Provided entries —
******************************

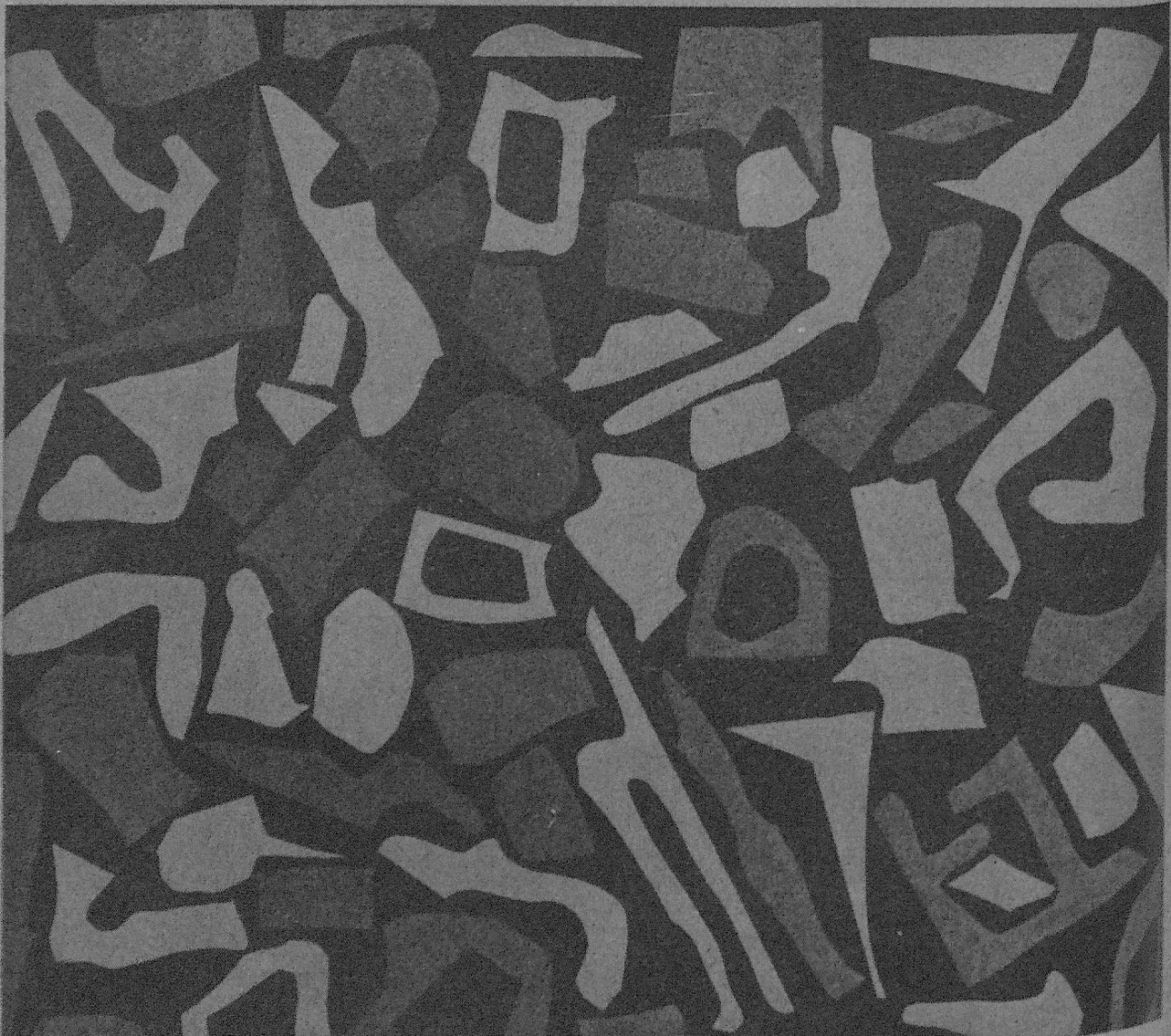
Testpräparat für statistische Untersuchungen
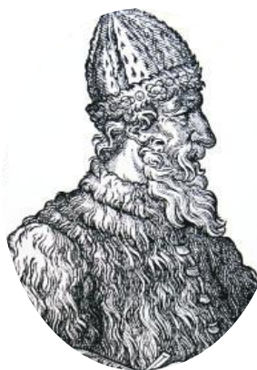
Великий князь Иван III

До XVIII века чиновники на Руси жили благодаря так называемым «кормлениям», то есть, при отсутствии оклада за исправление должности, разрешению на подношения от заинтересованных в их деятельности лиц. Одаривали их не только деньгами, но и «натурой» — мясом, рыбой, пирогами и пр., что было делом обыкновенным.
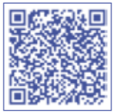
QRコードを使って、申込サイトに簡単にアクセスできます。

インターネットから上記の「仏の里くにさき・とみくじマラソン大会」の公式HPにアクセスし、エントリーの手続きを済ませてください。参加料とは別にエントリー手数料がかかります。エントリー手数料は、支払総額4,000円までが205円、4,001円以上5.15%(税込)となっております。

******************************

Directions for this task — Wherever a picture appears in the records above, leave it out and transcribe everything else exactly.

Response —
Testpräparat für statistische Untersuchungen
Великий князь Иван III

До XVIII века чиновники на Руси жили благодаря так называемым «кормлениям», то есть, при отсутствии оклада за исправление должности, разрешению на подношения от заинтересованных в их деятельности лиц. Одаривали их не только деньгами, но и «натурой» — мясом, рыбой, пирогами и пр., что было делом обыкновенным.
QRコードを使って、申込サイトに簡単にアクセスできます。

インターネットから上記の「仏の里くにさき・とみくじマラソン大会」の公式HPにアクセスし、エントリーの手続きを済ませてください。参加料とは別にエントリー手数料がかかります。エントリー手数料は、支払総額4,000円までが205円、4,001円以上5.15%(税込)となっております。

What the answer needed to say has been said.